For those who do graduate, the prospects are even more in question. (1) College graduates make significant investments in their education and, therefore, exhibit strong labor force attachment rates. Their labor force participation (measured as the share of the population that is either employed or actively seeking employment) averages 92.6 percent over the last business cycle (between 2000 and 2007). However, they face particularly high unemployment: the 12-month unemployment rate jumps from 5.4 percent in 2007 to an average of 9.0 percent between April 2009 and March 2010.
Although the current scenario may appear bleak on the surface, one should not be completely averse to entering the job market at this stage. While there could be long-run negative effects of graduating in a recession, individual students can cope with less optimistic labor markets in a variety of ways and a poor economy is no guarantee of an individual graduate's poor labor market results.
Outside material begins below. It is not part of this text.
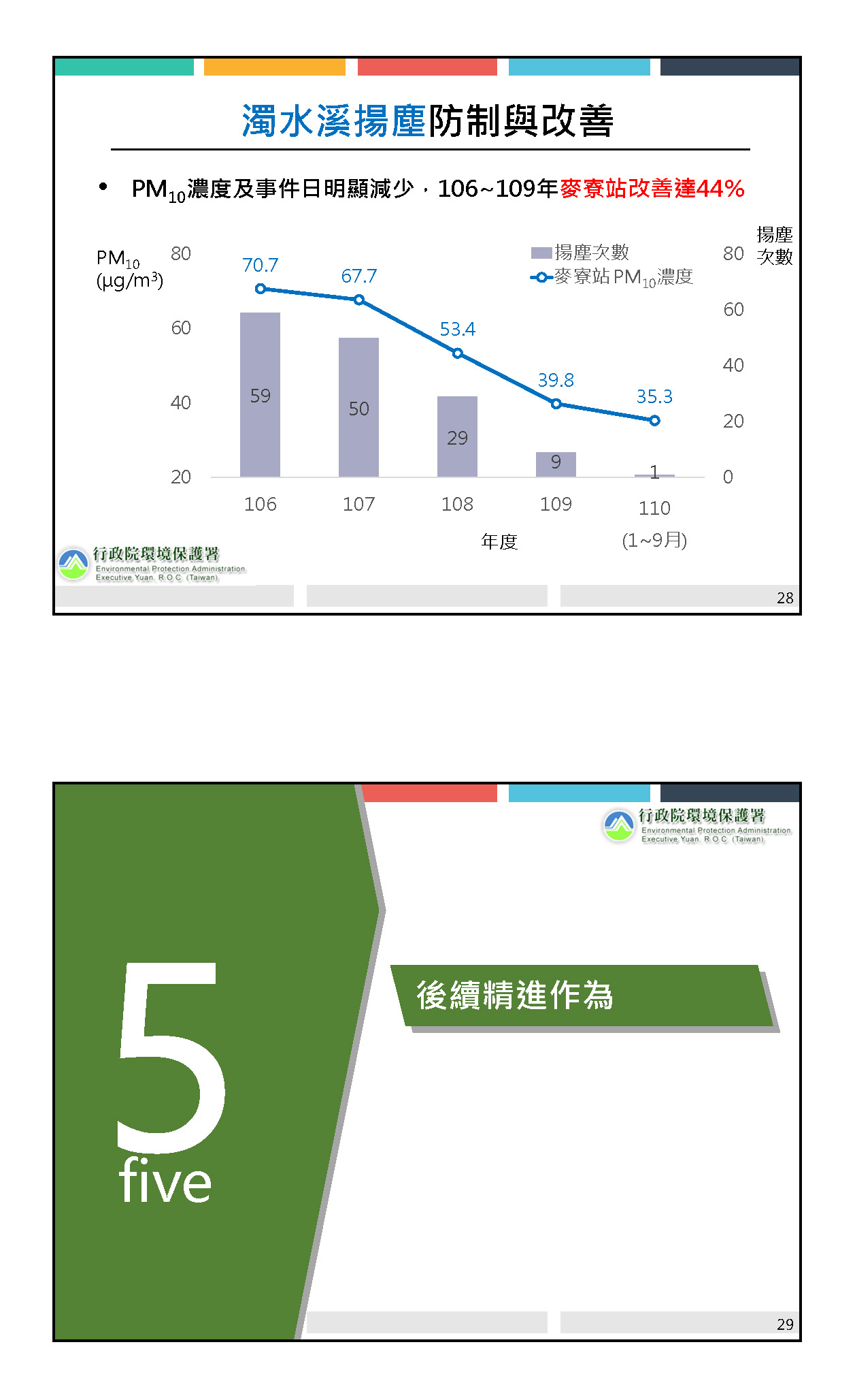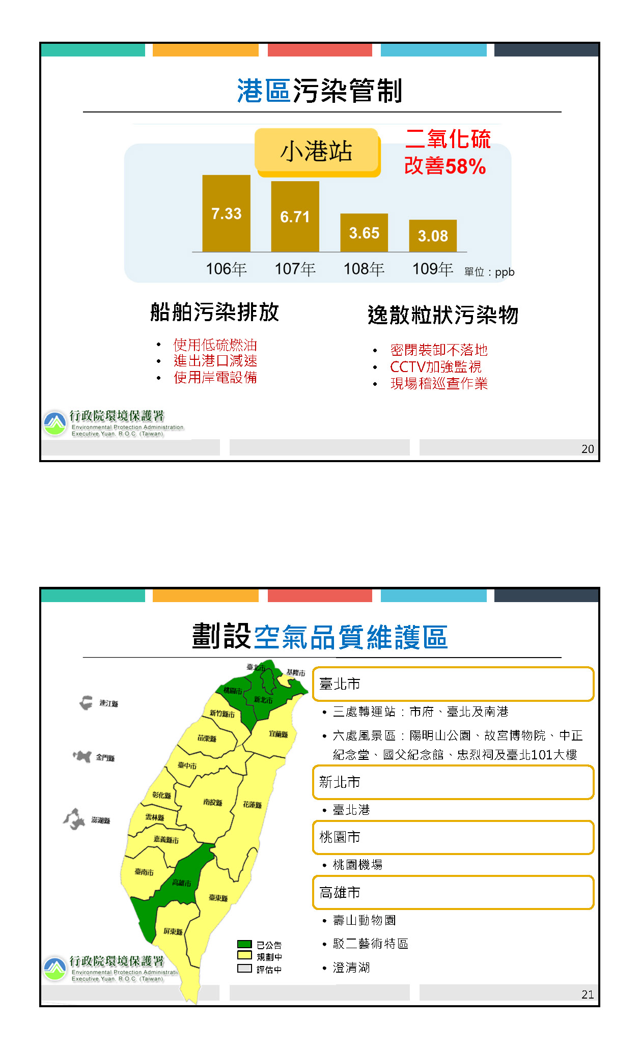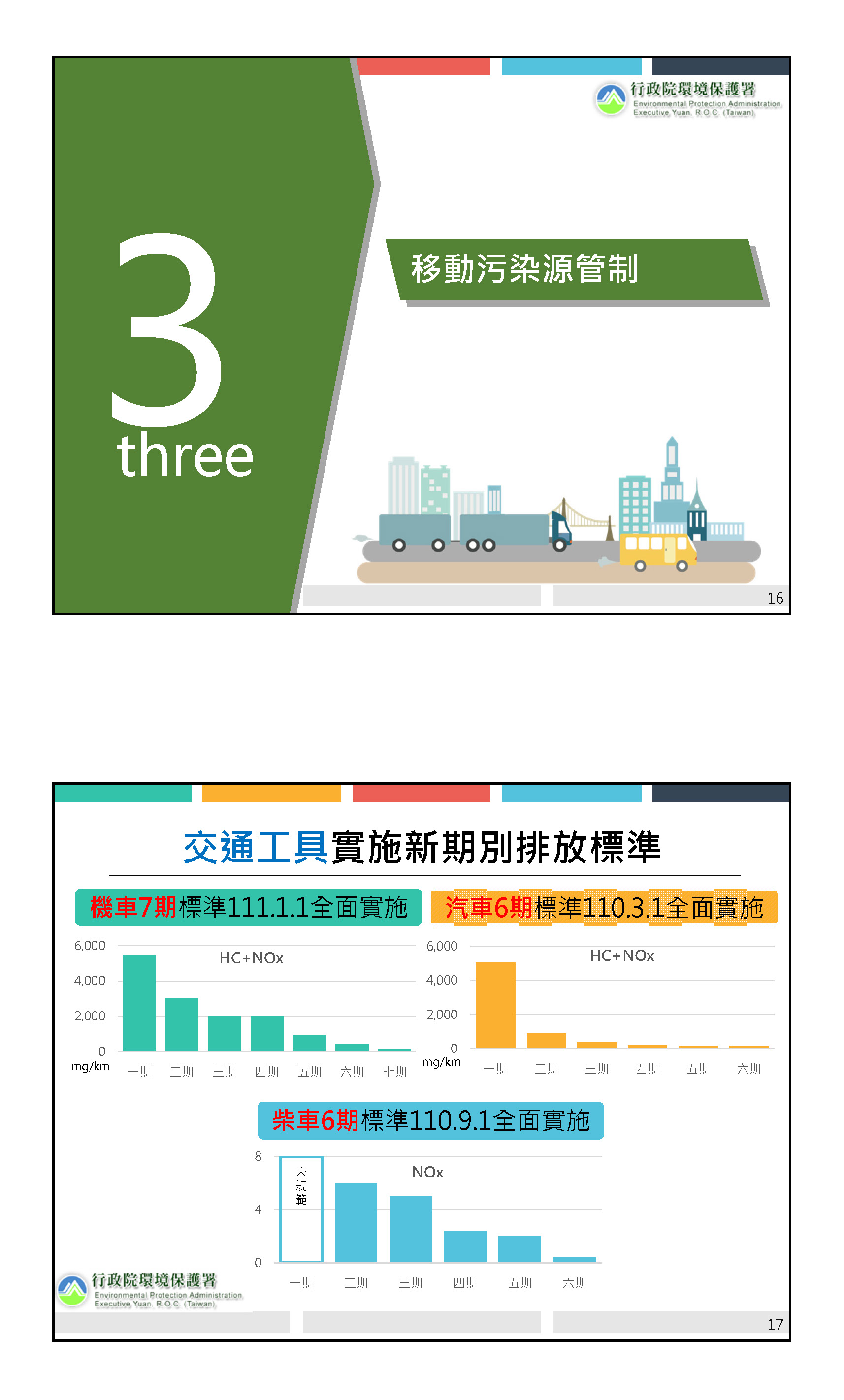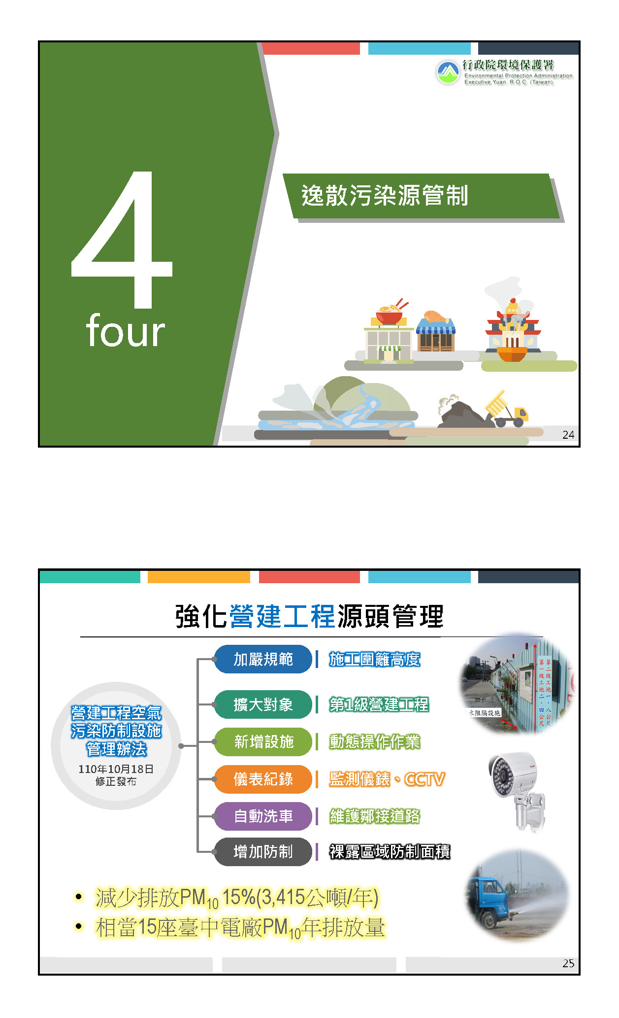張署長子敬:另外有關空氣品質的部分,就是針對PM2.5的標準,就像我講健骨強身跟陣痛解熱兩個是不一樣的,所以我們的作法不同,前面應變的部分,我們確實像委員所提的有分區域,所以我們北中南有三個應變的平臺,在空污季的時候,我們會定期開會,開會會預期下個禮拜空氣品質變化是怎麼樣,大家討論應該怎麼做。那現在我們已經整合區域,就是預期某個縣市……

Factoring local and national unemployment rates into an individual's decision to graduate or being open to moving geographically to a location that is less affected by the recession could negate some negative labor market effects. Oreopoulos et al. (2008) document that the unemployment rate at job entry by diminishing the worker's starting wage significantly increases the probability of job separation. A more recent paper by Bachmann, Bauer, and David (2010) focuses entirely on how increased job mobility is able to partly reverse earnings losses experienced due to economic downturns. The analysis suggests that the labor market entrants earning less than the average starting wage are more likely to change jobs, directly or indirectly. In turn, the job transitions tend to reduce the effects of entry conditions, implying that job
mobility operates as an adjustment mechanism that reduces the effect of the initial wage differences between workers.
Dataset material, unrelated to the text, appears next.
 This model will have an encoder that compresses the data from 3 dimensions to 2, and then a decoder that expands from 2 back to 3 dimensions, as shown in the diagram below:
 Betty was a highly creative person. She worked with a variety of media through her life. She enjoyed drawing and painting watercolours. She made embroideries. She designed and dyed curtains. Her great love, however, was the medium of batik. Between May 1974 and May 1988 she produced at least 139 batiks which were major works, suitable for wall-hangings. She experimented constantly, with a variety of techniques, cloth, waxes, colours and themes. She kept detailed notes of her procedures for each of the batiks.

Arguments persist for continuing one's education and venturing into graduate school, for choosing majors with higher earnings potential, and for enhanced networking to improve expected earnings beyond graduation. Job scarcity lowers the opportunity cost of accumulating more schooling and induces individuals to postpone entry in the labor market. Kahn (2010) argues that the higher the national unemployment rate, the more likely students will remain in school and will continue their education. As shown in Chart 3, recent data from the Bureau of Labor Statistics show that education pays in higher earnings and lower unemployment rates. As education levels increase, a college graduate with a bachelor's degree faced an average unemployment rate of 5.2 percent in 2009, while an individual holding less than a high school diploma faced a job market segment characterized by almost 15.0 percent unemployment. Moreover, a bachelor's degree brought home, on average, $1,025 per week in 2009, while less than a high school diploma only paid, on average, $454 in weekly earnings. According to a recent Web article by Jacobe (2010), Chief Economist at Gallup, those without a high school diploma face a 36.2 percent underemployment rate, (2) are three times more likely to be underemployed than those having a college degree, and are four times more likely to be underemployed than those who have done some postgraduate work.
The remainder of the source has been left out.